Highlights & Insights¶
- The "self & updated" 2D decomposition is elegant: The authors abstract the failure of caching as non-updated and merging as non-self. Using "self-cached features as the main direction + proxy residuals as correction" addresses both dimensions simultaneously, providing a strong framework that targets the root cause.
- Multi-order residuals + confidence gating is a transferable trick: Using cosine alignment \(\theta_t^{(m)}\) to adaptively decide between "trusting self vs. trusting neighbor" is essentially a soft-gated feature reuse mechanism that can be transferred to any neighborhood-feature-sharing scenario (e.g., inter-video frames, attention token reuse).
- Directly feeding residuals as ODE derivatives: Treating finite difference residuals as discrete approximations of time derivatives for implicit Euler/BDF2/Taylor allows the acceleration method to naturally inherit the precision of mature high-order numerical formats, making it an engineering-friendly design.
Limitations & Future Work¶
- Significant overhead: The costs of K-medoids in TETC, per-order cosine confidence calculations, and implicit updates are non-trivial. Latency speedup (e.g., 3.15×) is often lower than FLOPs speedup (4.14×), indicating some clock gains are consumed by overhead. The paper lacks a thorough scalability analysis across different resolutions/sequence lengths.
- Random proxy selection: Selecting a random token from the cluster center as the proxy lacks a "most representative proxy" strategy. If a cluster is internally heterogeneous, a single random proxy may not represent it well; strategies for proxy selection were not ablated.

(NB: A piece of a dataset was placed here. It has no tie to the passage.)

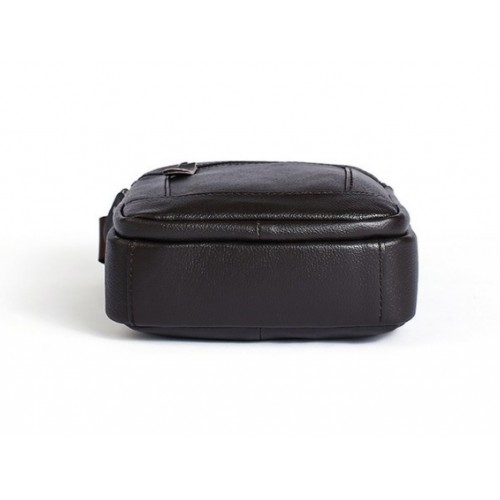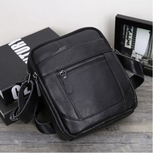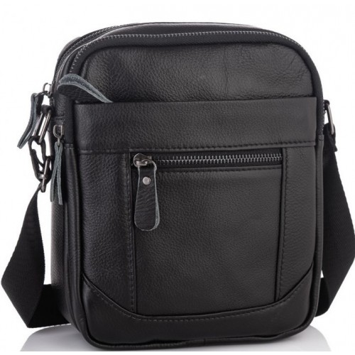 Практична чоловіча сумка виготовлена з якісніх матеріалів: натуральної шкіри, текстильної підкладки та металевої фурнітури. Чоловіча сумка має зручний регульований ремінь через плече. Ця шкіряна сумка-месенджер має два відділення, які закриваються за допомогою блискавок. На тильній стороні сумки розташована кишеня, який так само закривається за допомогою блискавки. На своїй лицьовій частині ця шкіряна сумка має ще дві кишені, які так само закриваються за допомогою блискавок.

- Unexplored stability boundaries: While implicit ODEs remain effective at large intervals (N=8), the paper does not discuss when divergence occurs, and the joint sensitivity of \(N, K, O, \alpha_{\mathcal{S}}\) is only partially analyzed.
- Metric limitations: Aggregated metrics like Image Reward / CLIP / VBench may not capture systemic losses in long-range semantic consistency or rare details, where qualitative evidence provided is limited.
Related Work & Insights¶
- vs. Caching Methods (ToCa / DuCa / TokenCache): They reuse previous token features, yielding non-updated directions; ResCa reuses proxy residuals with confidence weighting, preserving the "updated by current timestep" component.
- vs. Merging Methods (ToMeSD / ToMA / SDTM): They merge similar tokens to share features, yielding non-self directions; ResCa allows each driven token to use its own cached feature as the primary direction, retaining self-identity.
- vs. Dynamic Prediction (TaylorSeer / FoCa): They use historical extrapolation or ODE modeling to "predict" features, which is insufficient for non-stationary dynamics; ResCa uses current-step calculated proxy residuals for future correction, adding a "current timestep anchor" to historical extrapolation.
- vs. Hybrid Methods (ClusCa / SDTM): They linearly weight temporal cache and spatial features; ResCa injects spatial (intra-cluster proxy) information more precisely via gated residuals and implicit ODEs.
Rating¶
- Novelty: ⭐⭐⭐⭐⭐ The combination of "self & updated" proxy denoising, multi-order residual confidence gating, and residual-based implicit ODEs is a fresh perspective in caching acceleration.
- Experimental Thoroughness: ⭐⭐⭐⭐ Coverage of DiT/FLUX/HunyuanVideo and image/video tasks is comprehensive, although wall-clock breakdown and proxy selection strategy ablations are sparse.
- Writing Quality: ⭐⭐⭐⭐ Clear motivation from preliminary experiments and intuitive illustrations; dense equations but logical consistency.
- Value: ⭐⭐⭐⭐ Training-free, plug-and-play, near-lossless 5.5× acceleration offers direct practical value for diffusion model deployment.